SAN FRANCISCO (KCBS)- One hundred years ago Tuesday, aviation history was made on San Francisco Bay, when the first plane was successfully landed onto a warship.
Newspapers in 1911 described Eugene Ely as a “daring birdman.”
“He was first an auto racer, and then he got interested in flying, and said ‘this would probably be just like driving a car,'” said Rolf Noll, a retired naval aviator who is now a docent at the USS Hornet museum in Alameda.
Noll says some noted aviators were not up for the challenge of landing a biplane on a navy cruiser.
KCBS’ Chris Filippi Reports:
“When all this was being thought about, the landing on the ship, the Wright Brothers themselves were asked to do it, and they wouldn’t have anything to do with it,” said Noll.

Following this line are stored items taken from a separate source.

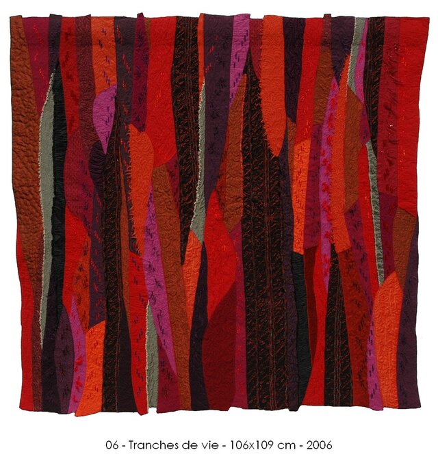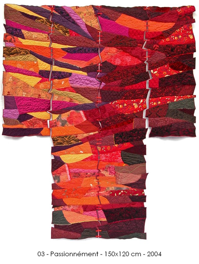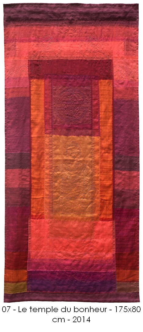 Nuances plus subtiles pour « Le temple du bonheur ». Superposition de tissus en organza de soie, maintenus et brodés à la main au point avant.
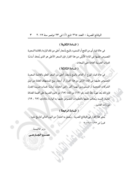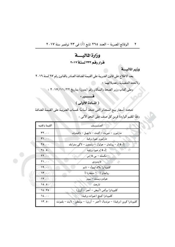 نشرت الجريدة الوقائع الرسمية، اليوم الخميس، قرار زيادة أسعار بيع السجائر التي تتخذ لحساب الضريبة على القيمة المضافة، وفقا للقيم الواردة على كل صنف.
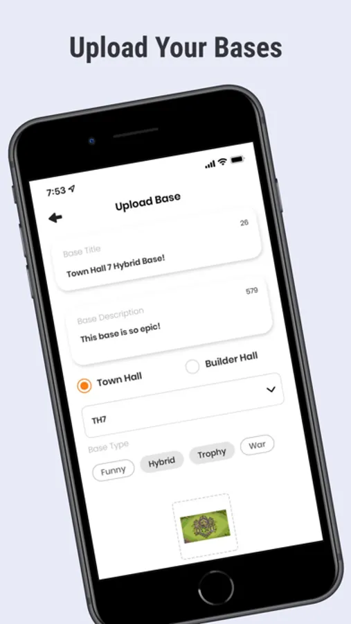Base design tags like: Hybrid Base, Trophy Base, Farming Base, Fun Base.
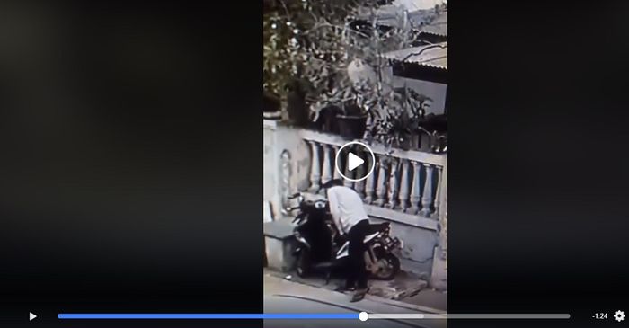 Saat dirasa aman, pelaku langsung naik ke skutik paling laris ini yang posisi setangnya di kunci ke sebelah kanan.
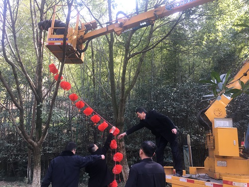 圖為掛好的燈籠 過年掛燈籠是中國古老習(xí)俗,紅色代表喜慶,圓形燈籠寓意團(tuán)圓美滿。該所工作人員利用午休時(shí)間自制大紅燈籠750盞,并拿線連成串,大家借來登高車將燈籠掛在綠蔭道兩旁以及公路下方車輛經(jīng)過的地方。遠(yuǎn)觀這掛好的燈籠,一片紅火,形成春節(jié)期間一道亮麗的風(fēng)景線。 一盞盞紅彤彤的燈籠將隧道所裝點(diǎn)得十分溫暖、祥和,注入了濃濃的年味和活力,同時(shí)也寄予了大家對(duì)新年美好的希望與祝福,希望往來的司機(jī)都能接收到這份祝福,過個(gè)平安祥和的幸福年。 毛譯聆
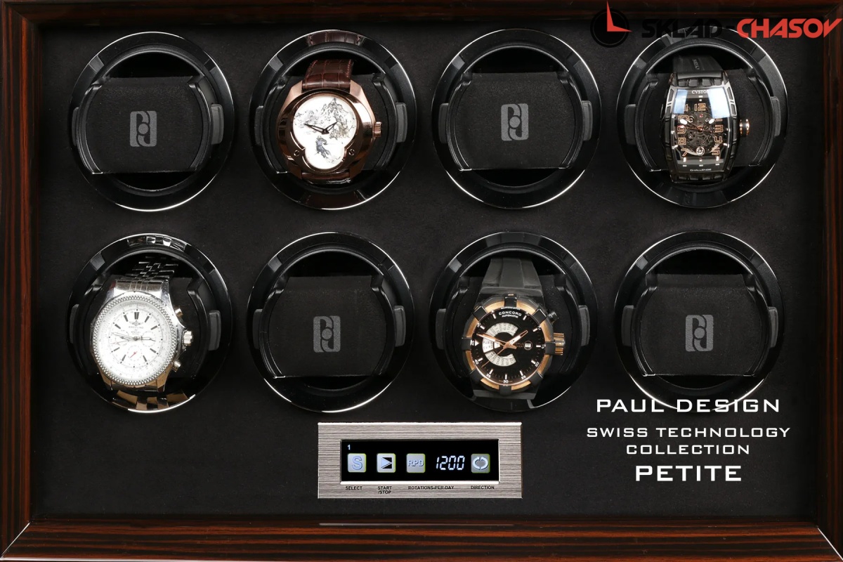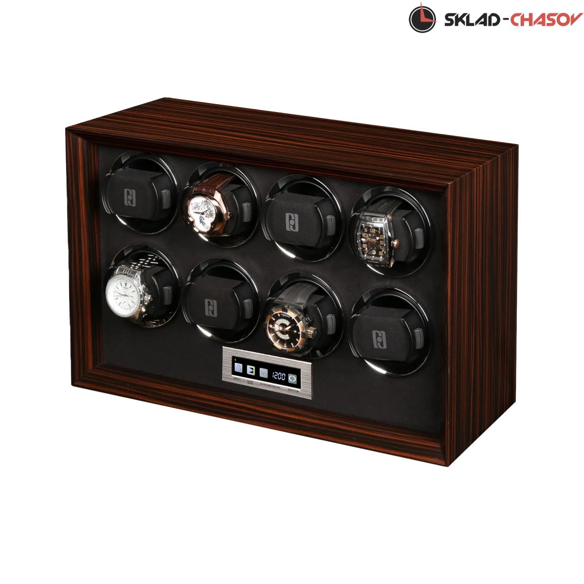 Модель оснащена системой автоподзавода для 8-ми часов с возможностью индивидуальной настройки каждой ячейки. С помощью удобного дисплея доступны три направления вращения и шесть режимов количества оборотов в сутки — 600, 900, 1200, 1500, 1800 или 2100, что обеспечивает идеальный уход за часами любого класса.
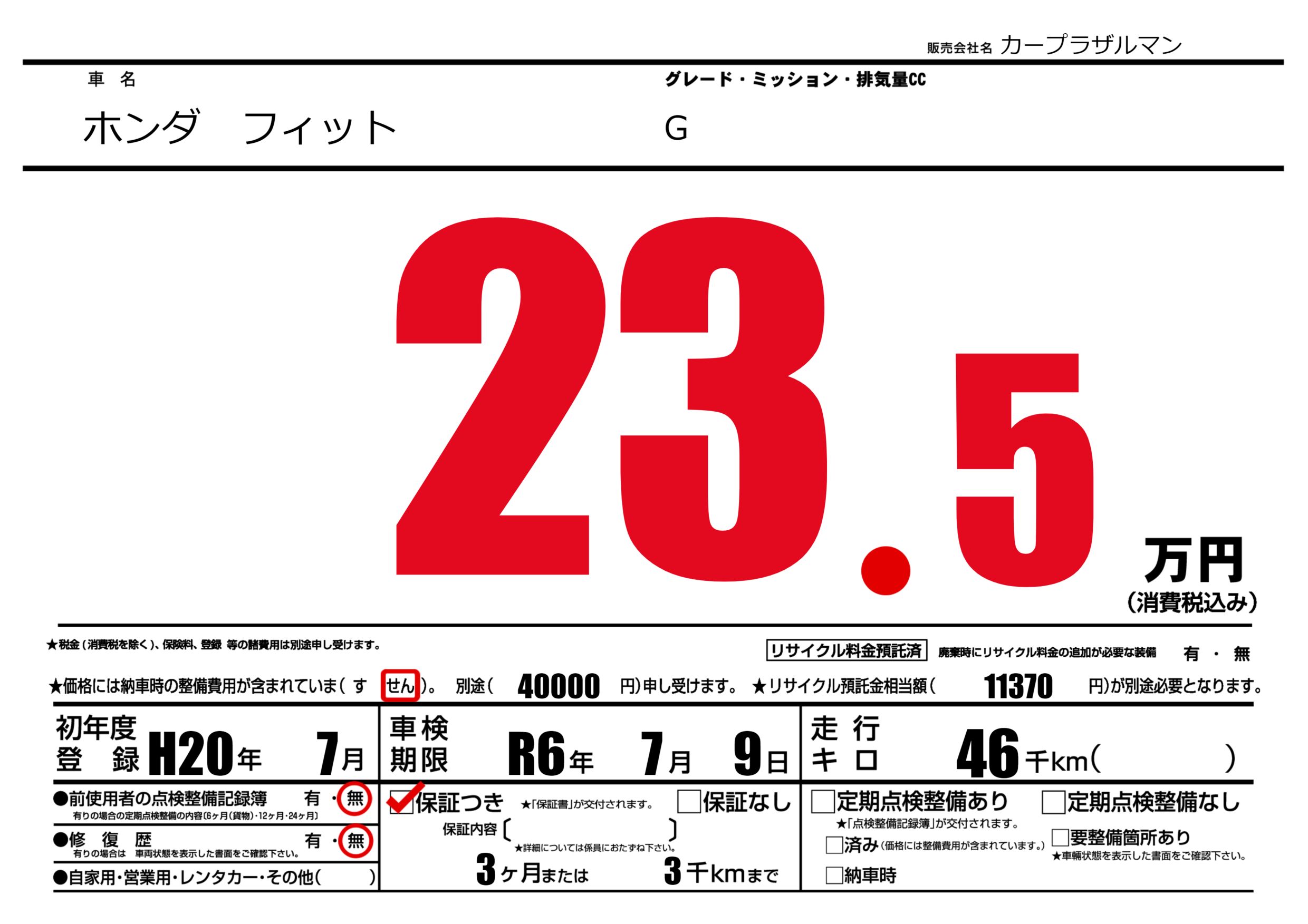 | 車名 | ホンダ フィット | グレード ミッション 排気量 |

But on a wet and cold morning one hundred years ago, Ely took off in his Curtiss pusher aircraft from a landing field that is now the home of the Tanforan Shopping Center in San Bruno. His objective was to land his biplane on a platform that measured only 120 feet by 30 feet on the USS Pennsylvania, which was anchored in San Francisco.
Noll says Ely’s biggest fear was a possible water landing, leading him to wearing two bicycle tubes.
“He pumped them full of air and then wrapped them around his body, and they made him feel secure, but it was his fear of the water that caused the ingenuity,” said Noll. “He was thinking ‘this will keep me afloat.'”
But Ely wouldn’t need those tubes, landing safely on the makeshift flight deck.
“He had lunch onboard the ship with his wife, who was from San Francisco. He then turned around and took off again,” said Noll.
The Hornet museum is celebrating Ely’s historic flight with a new exhibit that opens Tuesday.
As for Ely, though the flight was a success, he met an untimely death just nine month’s later in an air-show crash.